そのポーションはヒカリの弾幕をコピーし、その魔弾の数を倍に増やした。
「飽和限界無視の優れたポーションだよー!高いけど…」
ヒカリはそんなヒヒリーの説明を受ける、心做しか聞こえてきた心の悲鳴を聞かなかったことにした。
「ん。サンキュ」
先程から3人でかなりのダメージをたたき出しているが、フェンリルは全く気にした様子もない。それもそのはず。
ーーーーーーーーーーーーーーーーーーーーーーー
フェンリル
HP0├─────────────╂─┤
1,760,723,910/2,000,000,000
ーーーーーーーーーーーーーーーーーーーーーーー
まだ1割削れたかどうか、そんなレベルであるからだ。3人は理解している。
勝たなくていい。足止めさえできるなら。
ヒカリ目掛けて飛んでくる魔法の数々。それと同時に放たれる紫オーブが、フィールドのことごとくを破壊していく。
HPもどんどん削られていった。
このままいくと、回復が間に合いそうもない。
「ぐ…」
案の定。HPを削られたヒカリはHPが0になる。
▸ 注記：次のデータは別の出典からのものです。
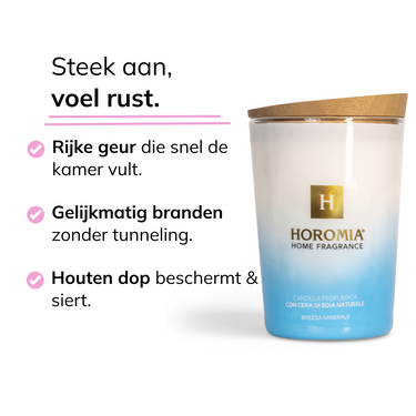 Horomia Geurkaars Brezza Minerale brengt een kalme strandbries in huis met frisse topnoten van zeezout, sering en witte lelie. Het hart combineert fenegriek, cyclamen en minerale tonen, terwijl tonkaboon, patchouli en gezouten muskus zorgen voor een warme, diepe basis met een subtiele oceaanfrisheid. Perfect voor momenten van ontspanning.

それと同時に綺麗なエフィクトに包まれHP全開の状態で再び弾幕を飛ばす。
戦闘前にヒヒリーが使った蘇生ポーションのおかげだ。
だがしかし、ヒカリはもう後が無いことを意味する。
さらにフェンリルは、今までと違うモーションをしだした。
「っ!?全員!注意!」
ワオォォォォォン!!
咆哮。
その効果は…。
「なっ!!体が!動かないであります!!!」
3人の視界の上に表示される状態異常が、自らが状態異常:恐怖の効果の中であることを教えてくれる。
フェンリルはそんなさなか。ヒカリ目掛けて駆け出した!!
「ヒカリさん!!」
軍曹は動けないさなか、兵達をヒカリの防御に当てるが、ここぞとばかりにフェンリルはその兵隊を跳ね除ける。
ヒヒリーも弾幕を放つが、当たらない。
ヒカリのすぐそこにフェンリルが迫っていた。